(26) DrômePoët Laval Jazz

21/07/2019 – Raphaël Imbert « Music is my hope » au Poët-Laval Jazzs Festival

Le septet de Raphaël Imbert vient nous présenter son dernier opus « Music is my hope »  qui reprend des chansons sous forme de blues,  de negro spirituals, de soul, des protest songs voire de la folk pour exprimer tout ce que la musique peut nous offrir. C’est aussi un hommage à Paul Robeson (1898-1976), « noir-sportif de haut niveau-artiste-communiste … et beau », bref une idole. 

Raphaël Imbert est magnifiquement entouré : Marion Rampal et Aurore Imbert (sa sœur) à la voix ; Thomas Weirich et Pierre Durand aux guitares ; Pierre-Francois Blanchard aux claviers et Jean-Luc Di Fraya à la batterie et aux choeurs .

Sans oublier les milliers de fourmis mâles ailées en quête d’une reine qui partagent la scène avec les musiciens.

« Bienvenue à ce festival Jazz & Entomologie et à ces hyménoptères» nous annonce non sans humour Raphaël Imbert.

Le set démarre très doucement avec Didn’t my Lord deliver Daniel (sous entendu « et pourquoi pas nous ») et Peat Bog Soldier (premier chant anti-fasciste composé en 1934 dans les camps de concentration allemands), deux morceaux du répertoire de Paul Robeson. On poursuit avec Blue prelude, une chanson d’amour blues qui se termine mal avec Marion Rampal à la manœuvre.

Sur Lady on earth on apprécie la voix magnifique d’Aurore Imbert, chanson qu’elle a composée, tandis que son frère est passé au piano, puis a permuté avec Pierre-François Blanchard au clavier.

On passe par une chanson de Joni Mitchell « la plus grande chanteuse de jazz vivante » d’après Raphaël, The circle game. Ça c’est pour le volet folk du répertoire.

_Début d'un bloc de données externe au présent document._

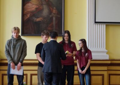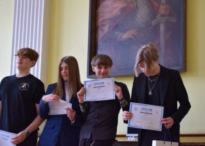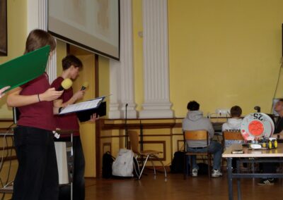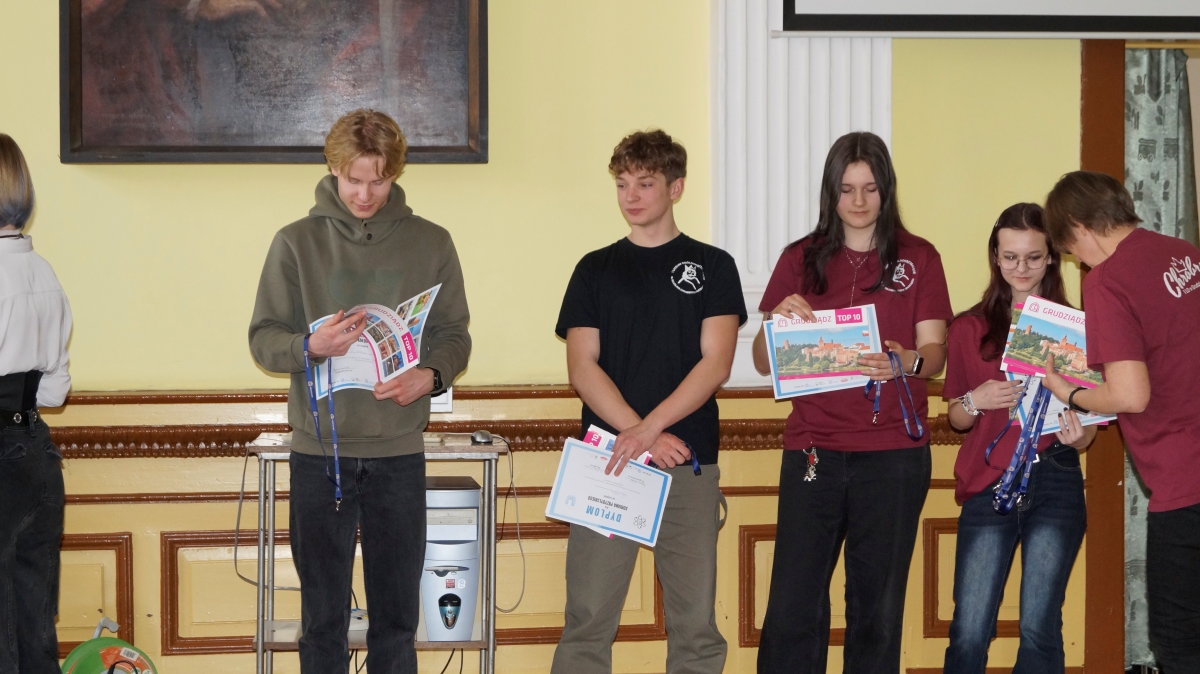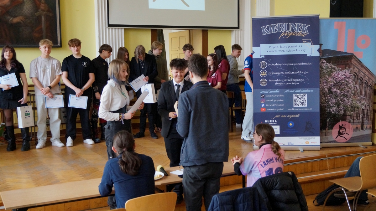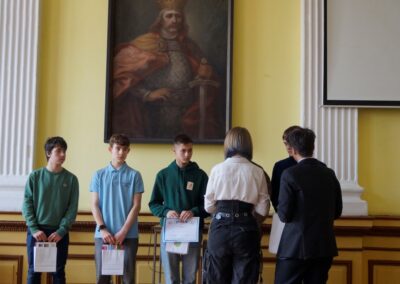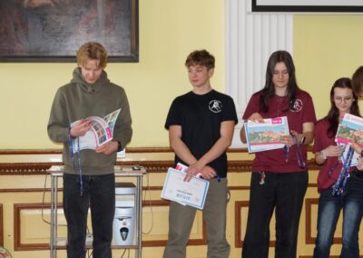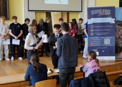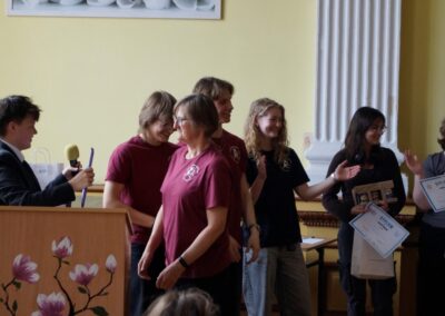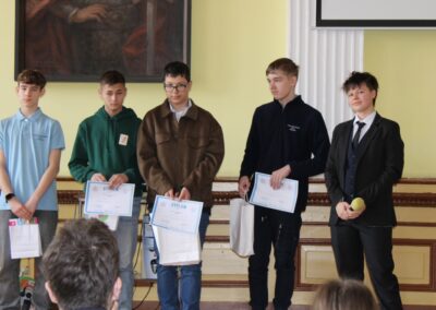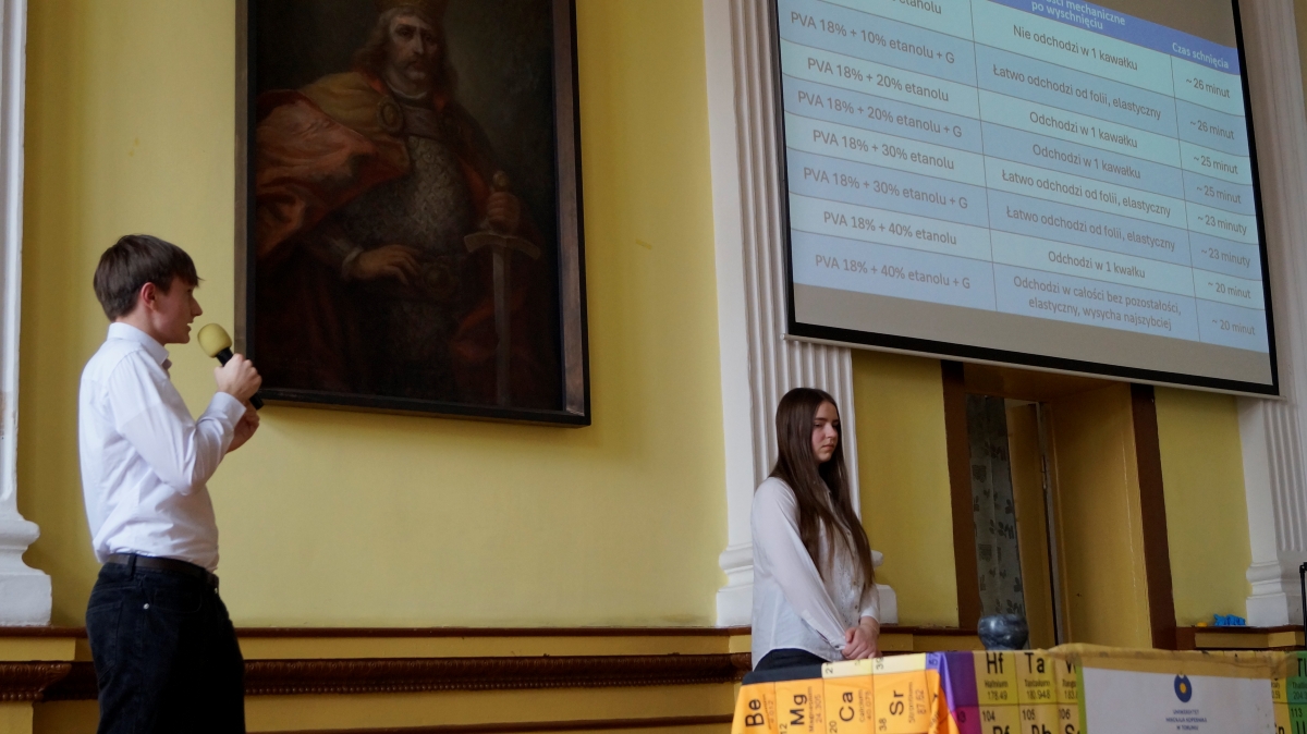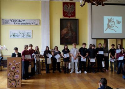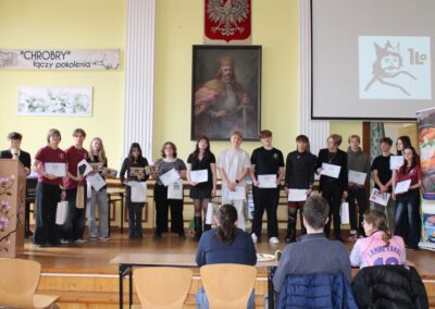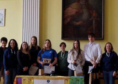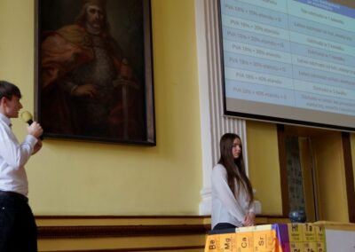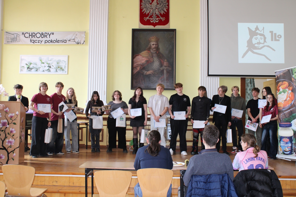 Podczas Dnia Chemii odbył się konkurs na najlepszy projekt chemiczny. W tym roku tematy były różnorodne, a wszyscy uczestnicy wykazali się ogromnym zaangażowaniem i kreatywnością podczas prezentacji swoich badań. Jury miało bardzo trudne zadanie wyłonienia zwycięzców. Tegorocznymi zwycięzcami zostali ex aequo Adam Nawrocki i Michalina Maciejewska, którzy przygotowali projekt pt. „Zastosowanie hydrożeli do celów kosmetycznych oraz w walce z trądzikiem” oraz Wanessa Ceglewska i Liliana Robionek, które przygotowały projekt pt. „Elektrochemiczny rozkład wody”. Obie prace były przygotowane z najwyższą starannością i precyzją.
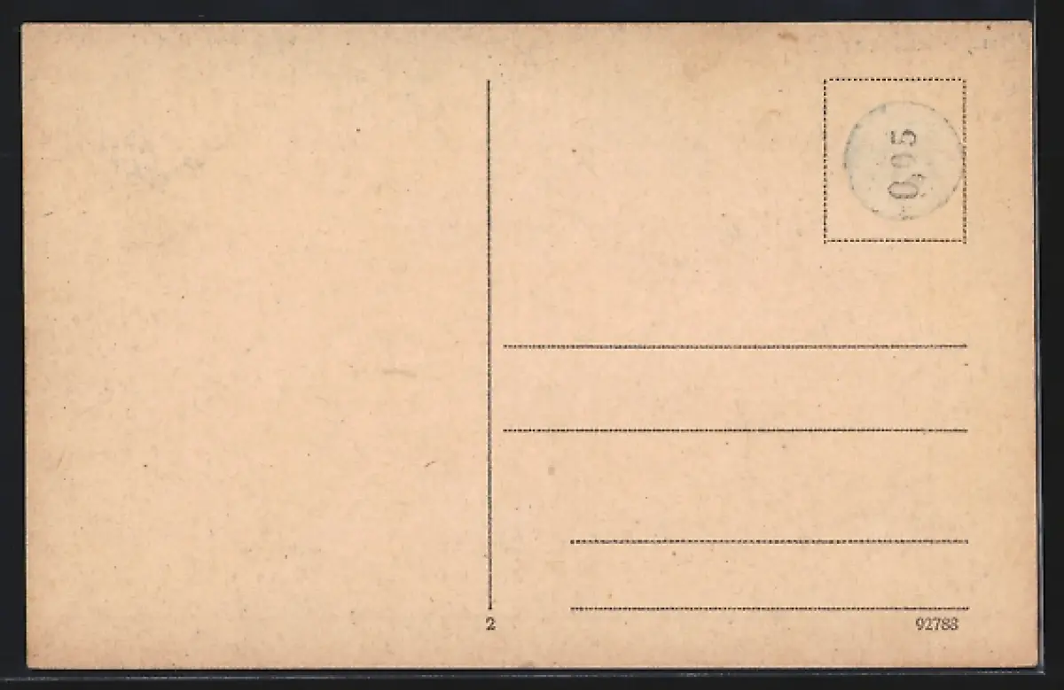 Personenbezogene Daten auf der Rückseite der Karte wurden durch blauen Textmarker unkenntlich gemacht. Die blauen Stellen sind auf die Vorderseite durchgeweicht und wirken sich negativ auf das Postkartenfoto aus
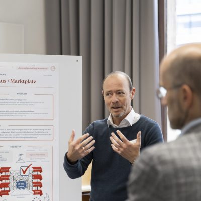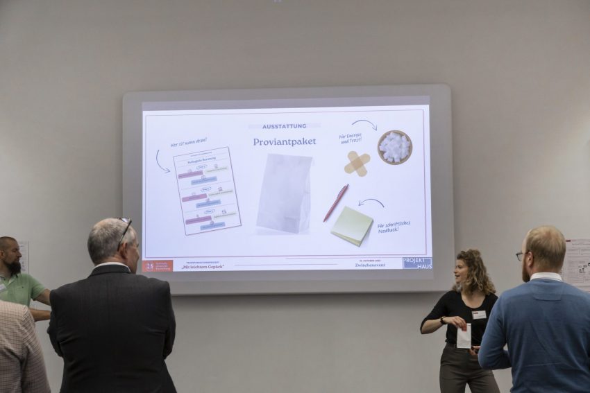 Every expedition has its stopover: a moment when the team pauses to check the route, recharge their batteries for the next few kilometres, and discover amazing things in their luggage. That’s exactly how the interim event of “Mit leichtem Gepäck” felt: Last Friday, the nine teams gathered in the open space, ready to present their prototypes, encourage each other, and boldly embark on the final seven weeks of the project phase, which involves testing the prototype ideas. Dietmar Smyrek, the client and project initiator, is enthusiastic about the teams: “The format chosen by the project house has triggered an unimaginable desire for innovation and a wealth of great ideas among the expedition participants. The teams were wonderfully productive and created great prototypes. Now it’s time for testing, and I hope that many of the prototypes will be realised.”
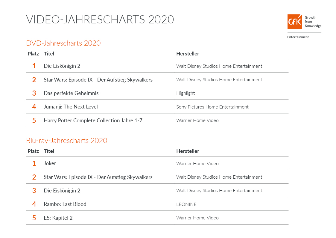 Deutsche Video-Jahrescharts 2020 Bild: "obs/GfK Entertainment GmbH"
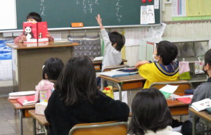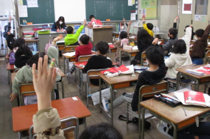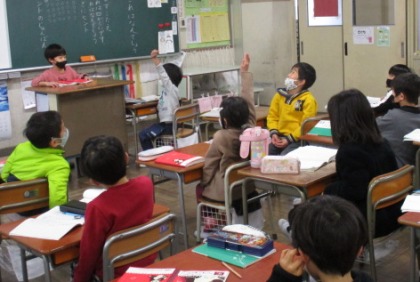 国語の授業で「これはなんでしょう」を学習しています。これまでの授業で、学校にあるものについてのクイズを準備をしてきました。ものの形や働きの伝え方、ヒントの出し方などをノートにまとめました。そして、今日は「これはなんでしょう クイズ大会」です。順番に前に出て出題します。「これは丸いです」みんなは聞いた言葉を頭の中で巡らせて答えを考え、たくさん手が挙がります。だれかが発表すると、出題した子から「正解です」か「違います」と言われて、みんな一喜一憂しながら、頭をしっかり働かせていました。
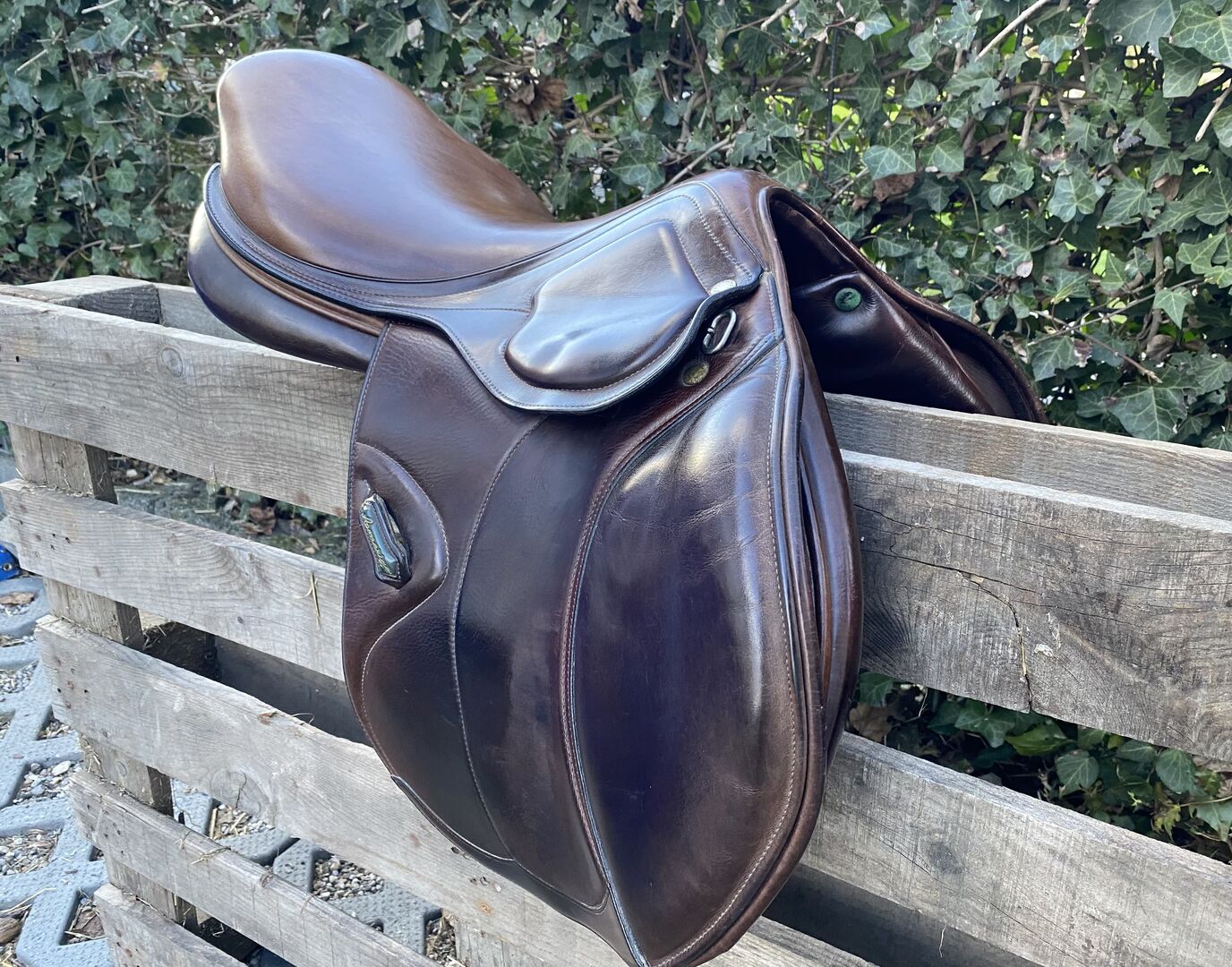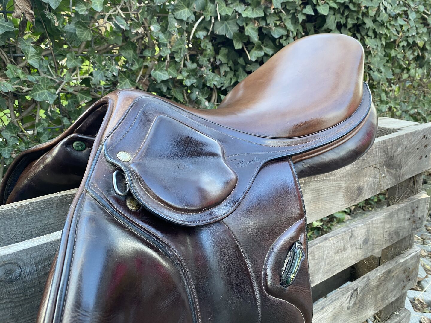 Siodło skokowe Amerigo w pięknym brązowym kolorze 17,5 - Na sprzedaż siodło skokowe Amerigo w pięknym brązowym kolorze Kupione nowe w 2013 roku Ze skórą Pinerolo dla lepszej przyczepności. Dopasowane do konia z dużym podbiciem. Komora może być regulowana przez rymarza Siodło ma normalne ślady użytkowania Nowa cena wynosiła 3900 Cena VHB
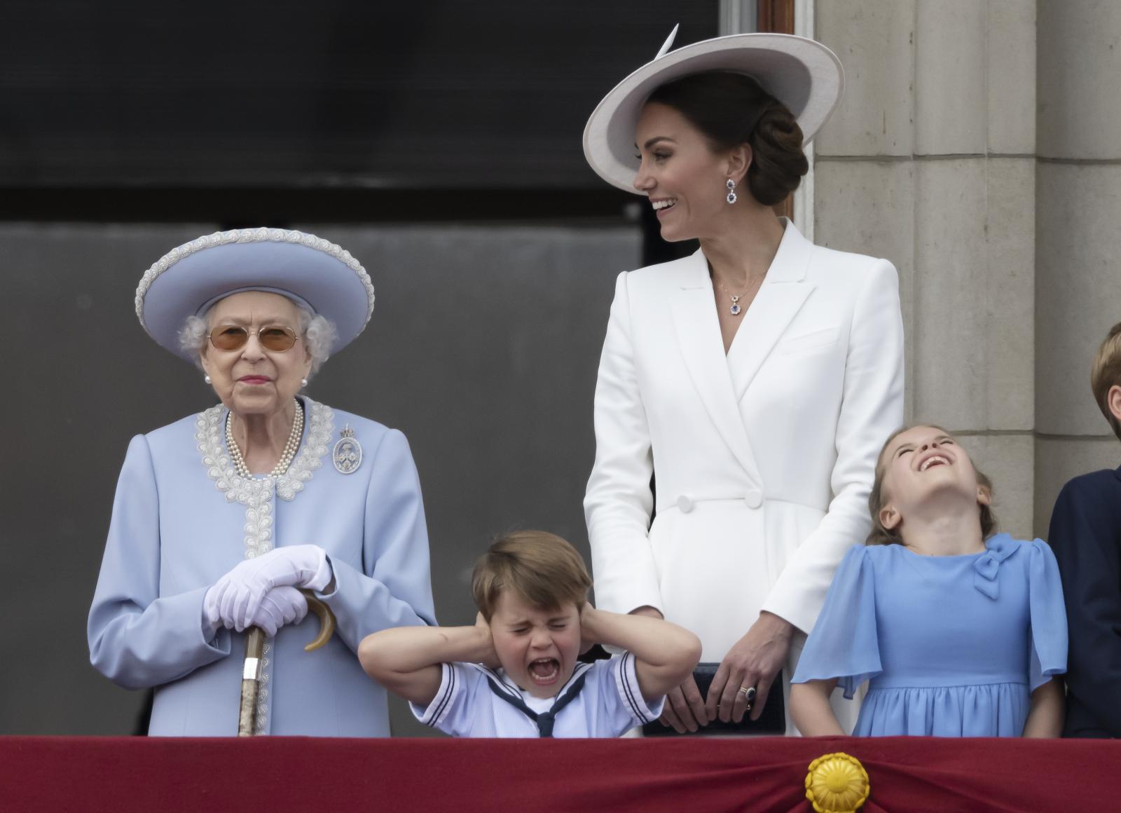 Qirollik oilasining aʼzolari birgalikda Bukingem saroyining balkonida koʻrinish berdilar. Uzoq davom etgan marosimda toliqqan Luining darhol injiqlik qilishga tushdi.
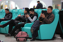 2017年12月3日,大连火车北站候车室现超豪华座椅,这些座椅既可以给手机充电,又可以给人按摩。图/视觉中国
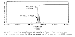 Consider also another problem, much bigger, that lurks unrecognized in the shadows for this scenario. In the 1950s, Marion King Hubbert was working on oil depletion and in 1956 he proposed his famous “bell shaped” production curve, later known as “peak oil.” Hubbert also proposed that nuclear energy would replace fossil fuels. But note in the figure below how, in his view, nuclear energy would not have prevented “peak oil” from taking place at about the same time that was foreseen without nuclear energy. Hubbert understood very well that the enormous effort needed to build the new nuclear infrastructure would have had to be based on fossil fuels, and so would not have reduced their production.
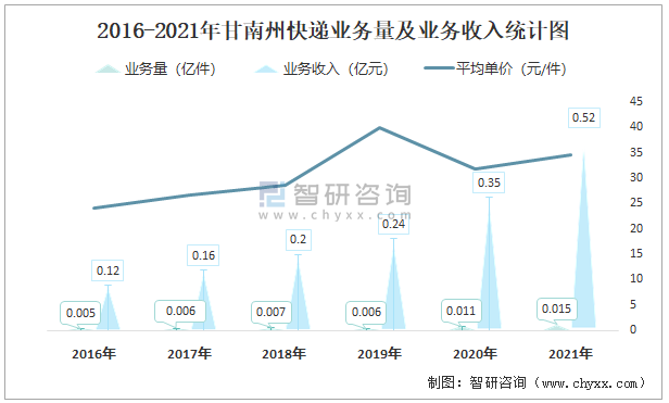 2016-2021年甘南州快遞業務量及業務收入統計圖
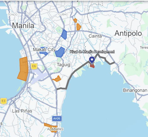 The Rizal de Manila Development is a once‑in‑a‑generation land banking and site‑improvement opportunity located in eastern Metro Manila. The project sponsor is in possession of the certified (and verified) titles for the property which is located directly along Laguna de Bay, bounded on the west by the Pasig River, and bisected by the C‑6 roadway, one of Metro Manila’s most important emerging transport corridors.

Arrive Shenandoah avec une guitare calmissime et la voix sublime de Marion Rampal ; elle nous transporte très haut avant de laisser la place à des chorus d’orgue et de guitare.

Place ensuite à une composition de Raphaël, Easter Queen, sur des paroles d’Aurore. Puis Here’s the song avec des paroles de Marion. Un morceau foutraque et carrément free par moments.

On finit le concert avec Showboat to Delphi qui est prétexte à placer le « meilleur jeu de mot de Goscigny : La Pythie vient en mangeant »… il fallait le faire.

Le public est enthousiaste devant tant de générosité et de talent.

Le rappel se fera avec Sweat River Blues du précédent album « Music is my home ».

Un magnifique concert, varié pour achever cette sixième édition du Poët-Laval Jazzs Festival.